Интересно провести аналогию с другой политической фигурой – бывшим президентом США Ричардом Никсоном. Через десятилетия после того, как Никсон ушел в отставку, вскрылись неприятные факты: Никсон консультировался у психотерапевта, в громадных количествах принимал психотропные препараты, наконец, Никсон много пил. Приступы его неадекватного состояния, приступы гнева или паники, когда он требовал, например, немедленно начать ядерную атаку на СССР, кончались тем, что окружение президента было вынуждено прибегать практически к изоляции главы государства.

Ничего подобного у нас в России, к счастью, не было.

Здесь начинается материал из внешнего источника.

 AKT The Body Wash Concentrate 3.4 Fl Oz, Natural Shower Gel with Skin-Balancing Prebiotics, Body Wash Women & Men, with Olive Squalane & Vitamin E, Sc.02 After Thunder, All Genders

Никто бы и подумать не смел о какой-либо «изоляции» Ельцина. То, что в США было страшной государственной тайной, у нас широко обсуждалось в печати и на улице: о «вредной привычке» Ельцина вслух говорили с высоких политических трибун. Но самое главное, Ельцин никогда не прятался, как Никсон, в тайных комнатах и кулуарах. По русской традиции, после выпитой рюмки он совершенно не скрывал от окружающих своего веселого расположения духа или своего резкого недовольства. Так что говорить о «синдроме Никсона» тут не приходится. Скорее – о синдроме Ельцина. Он, повторяю, никогда не прятал своих слабостей, у него не было «второй жизни». Напротив, Ельцин жил абсолютно распахнутой, прозрачной жизнью публичного человека.

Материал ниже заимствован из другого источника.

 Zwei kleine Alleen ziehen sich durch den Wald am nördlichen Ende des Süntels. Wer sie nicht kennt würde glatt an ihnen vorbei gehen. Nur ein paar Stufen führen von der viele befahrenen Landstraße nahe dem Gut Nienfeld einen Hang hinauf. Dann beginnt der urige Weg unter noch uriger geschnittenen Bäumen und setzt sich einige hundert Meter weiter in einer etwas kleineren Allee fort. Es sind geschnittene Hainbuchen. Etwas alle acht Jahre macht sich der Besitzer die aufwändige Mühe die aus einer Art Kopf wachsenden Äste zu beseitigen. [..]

Вспомним его знаменитых современников, у которых наблюдались те же проблемы: Владимир Высоцкий, Олег Даль, Василий Шукшин, Олег Ефремов… Писатели, поэты, актеры. Их склонность к алкоголю оправдывалась тем, что в творческой профессии всегда найдется место и внезапным стрессам, и перепадам настроения, и тяжелой неуверенности в себе. Их внезапные «исчезновения» близкие друзья, семья, коллеги старались просто «не замечать».

Но разве в политике нет стрессов, нет перепадов, тяжелых, мрачных полос?

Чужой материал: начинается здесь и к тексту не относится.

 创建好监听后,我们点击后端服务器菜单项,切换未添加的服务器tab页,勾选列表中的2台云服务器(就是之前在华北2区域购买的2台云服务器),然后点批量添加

Другое дело, что крупный руководитель не может никуда исчезнуть – ни на год, ни на месяц, ни даже на один день. Становясь политиком, он как бы подписывает невидимое миру обязательство – отказ от обычных человеческих слабостей и проблем. Это жестокая реальность.

Неприятная грань проблемы еще и в том, что здоровье Ельцина стремительно ухудшалось. Было и другое – неожиданные экспромты, неподготовленные заявления, срывы рабочего графика. И тем не менее именно в те годы (1994–1996), когда близкие президенту люди вынуждены были постоянно следить за его состоянием здоровья, за его формой, Ельцин жил в сумасшедшем рабочем режиме: поездка следовала за поездкой, причем почти без перерыва, совещание за совещанием, вал принимаемых решений (и каких решений) поглощал его с головой. Его переутомление было крайним, предельным, а его сердце работало на последнем ресурсе.

Реакция ельцинской команды на инцидент в Берлине была очень острой. Тревога за его состояние, которая росла в течение всего 1994-го, достигла наивысшей точки. Казалось, президент теряет не только политическую инициативу (хотя его рейтинги были по-прежнему высоки), но и самое главное – прежнюю энергию, умение наступать. «Верните нам прежнего Ельцина!» – говорили демократы в том 1994 году.

– Честно говоря, – сказала Наина Иосифовна, вспоминая 1994 год, – я не могу слышать, когда ему снова и снова припоминают эти два эпизода, Шеннон и Берлин. Как будто не было ничего другого! Просто не к чему прицепиться, нечего предъявить, вот и спекулируют на этом.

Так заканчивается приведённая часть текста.